Те отражались в лужах и сверкали на мокрых окнах.
И из груди Арди рвались слова. Три слова, если быть точным. Они пытались пробиться сквозь онемевшую глотку, стремились вырваться из кончиков дрожащих пальцев, сжимавших прохладную ладошку Тесс. Но, так и не найдя путь на свободу, остались внутри. Разочарованные, но не сдавшиеся. Спрятались где-то рядом с сердцем. Простые три слова. Которые оказалось так сложно сказать.
А через полчаса трамвай привез их на Двенадцатую улицу Армии Короны, шедшую параллельно Кривоводному Каналу. Здесь, на нечетной стороне, в седьмом доме, и жил капитан Пнев. Причем, по эту сторону от проспекта Инсмаиловского Полка (отдельный, гвардейский полк, прославившийся на войне с Тайей пару веков тому назад), венчавшегося Мостом Мучениц, если начинать отсчет от Кривоводного канала, то улицы Армии Короны нумеровались весьма странным образом. Сперва шла двенадцатая, затем одиннадцатая и так до девятой. И логично бы предположить, что следующей окажется восьмая, но… нет. Восьмая улица Армии Короны протянулась с другой стороны проспекта Инсмаиловского Полка. А с этой стороны череду улиц замыкала, почему-то, тринадцатая, следовавшая сразу за девятой.
Почему так?
Ардан не знал.
Вместе с Тесс они вышли на остановке, оказавшись на тесной улице среди четырехэтажных доходных домов. В самой южной точке Центрального района. От Фабричного района их отделяла набережная канала и, непосредственно, сам канал.

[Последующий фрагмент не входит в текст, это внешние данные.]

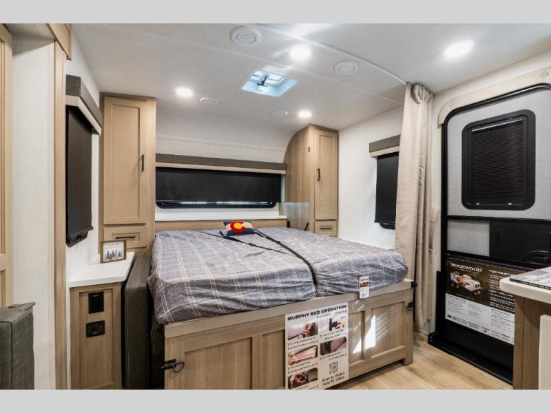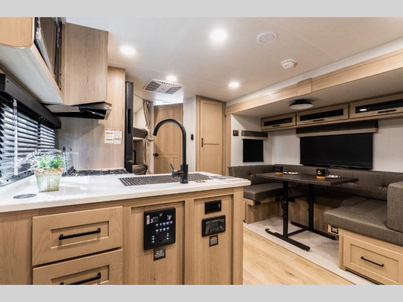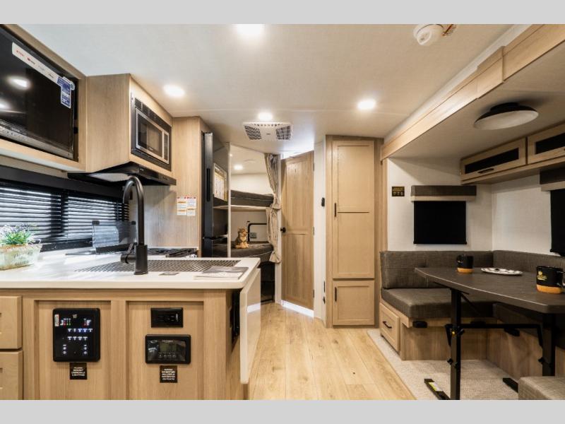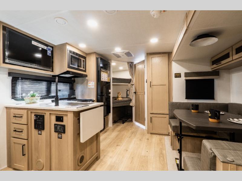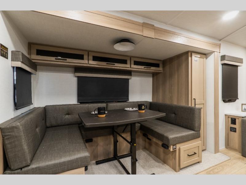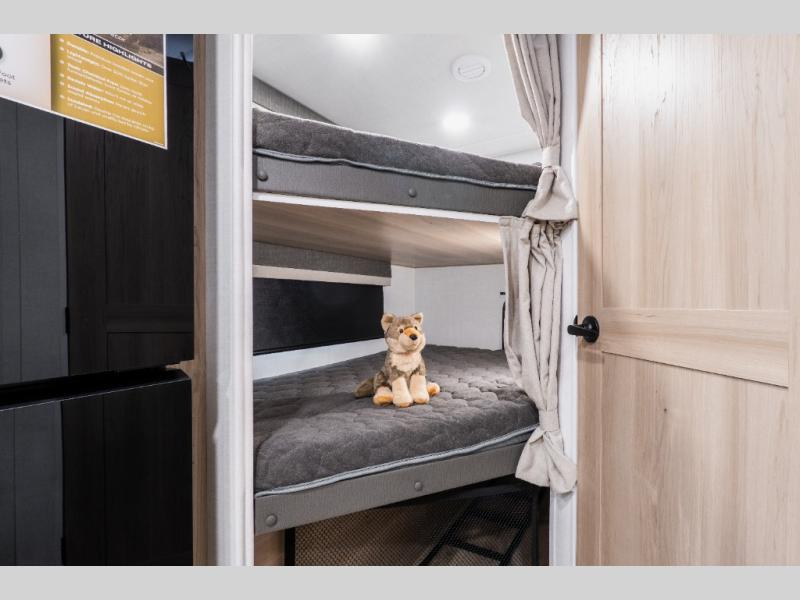 Finally, a lightweight travel trailer with double-size bunks for the kids or your guests! You'll find the versatile Murphy bed up front will be super convenient when you need more space to move around, and the 72" sofa will provide comfy seating space when the bed is put up. This model also includes a U-shaped dinette slide perfect to dine around, play games, and sleep additional guests. A 32" TV in the main living area will allow you to watch your favorite shows in the evenings, or you may just find yourselves outdoors under the 18' power awning with LED lights. And check out the pass-through storage, plus additional exterior storage for your hiking gear!

Дома, как и на прочих улицах Центрального района, пестрили разноцветными красками,
Вместо парадной во внутренний двор дома, как это часто бывало, вела высокая арка. Пройдя под ней, молодые отыскали нужный номер лестницы. Деревянная дверь жалобно пискнула старенькими петлями.
На первом этаже обнаружились три квартиры и, точно такое же количество, на каждом из пролетов.
Пара поднялась на третий этаж.
— Ты чего так нервничаешь? — с игривыми нотками спросила Тесс.
Ардан промямлил нечто нечленораздельное. Проще было бы перечислить по каким поводам он не нервничал, потому как в противном случае…
Тесс едва слышно засмеялась и, протянув руку, вдавила кнопку звонка. По ту сторону недавно покрытой лаком, вишневой двери послышались цокающие щелчки и, через пару мгновений, на пороге появилась женщина.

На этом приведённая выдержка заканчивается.